Core War programs are written in a programming language known as Redcode. Redcode does not have access to direct input or output.
Opcodes
Each opcode in Corewar contains three components: The instruction, register A, and register B. In the core, each memory section contains exactly one opcode, and provides no independent numbers.

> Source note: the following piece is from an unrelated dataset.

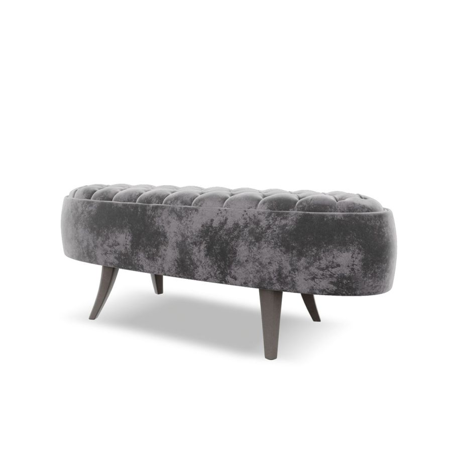 The Papillon bench stands out for its refined oval line with a surface entirely worked in capitonné. The saber-shaped wooden leg can be decorated in all the finishes in the sample book.

The registers A and B are relative addresses, described in the Address modes below.
| Opcode | Description |
|---|---|
| DAT A,B | Data; executing this instruction kills the task. |
| MOV #A,B | If one is immediate, copied immediate number to B. |
| MOV A,B | Moves instruction at A to B. However, if A is immediate, copies the immediate number to B. |
| ADD A,B | Adds A to B. |
| SUB A,B | Subtracts A from B. |
| MUL A,B | Multiplies A and B to produce the result. |
| DIV A,B | Divides B by A. Division by zero kills the process. |
| MOD A,B | Modulus of B in A. Division by zero kills the process. |
| JMP A,B | Jumps to A. |
| JMZ A B | If *B is 0, jumps to A. |
| JMN A,B | If *B is not 0, jumps to A. |
| DJN A,B | Decreases *b. If non zero, jumps to A. |
| CMP A,B | If *a == *B (or if immediate, #A == *B), skips an instruction |
| SPL A,B | Creates a new task, which starts at B. Newer task starts first. |
| SEQ A,B | Skips past the next instruction if A and B are equal. |
| SNE A,B | Skips past the next instruction if A and B are not-equal. |
| SLT A,B | Skips if *A < *B. (88 only) |
| XCH A,B | At A, swaps A and B. (extended only) |
| PCT A,B | At A, Protects operands from changing, until an instruction is written to that address. |
| NOP A,B | Has no special effect (although operands are still evaluates.) |
| STP A,B | Stores A into P-Space at location specified by B. |
| LDP A,B | Retrieves data from P-Space at location specified by B into A. |
Address modes
Each opcode listed above contains two registers. These registers are composed of both a number and an address mode:
| # | Immediate. The number is directly in the opcode. |
| $ (or none) | Direct. The opcode points to a cell relative to the current cell. |
| @ | Indirect. The opcode points to a cell relative to the current cell. That cell's B value is added to the indirect pointer, to provide the target. |
| < | Indirect, but the intermediate register is decreased before use. |
| > | Indirect, the intermediate register is increased after use. |
| * | A-field Indirect. The opcode points to a cell relative to the current cell. That cell's A value is added to the indirect pointer, to provide the target. |
| { | A-field Indirect, but the intermediate register is decreased before use. |
| } | A-field Indirect, the intermediate register is increased after use. |
Special commands
| END | Stops compilation, further lines are treated as comments. |
| ORG | Takes one parameter, which identifies the start location. |
| PIN | Specifies P-Space identifier. If equal, the two programs share P-Space. |
| <label> EQU <A> | Replaces all instances of <label> with <A>. |
Instruction modifiers
| .A | A -> A |
| .B | B -> B |
| .AB | A -> B |
| .BA | B -> A |
| .F | A->A and B->B |
| .X | A->B and B->A |
| .I | Entire instruction. |
P-Space
P-Space is a private storage used by programs across multiple runs of a program, that cannot be directly accessed by the opponent. However, attacks by programs can trick other programs into corrupting the P-Space region
In the opcode listing above, there are two instructions that can read and write to P-Space: STP and LDP.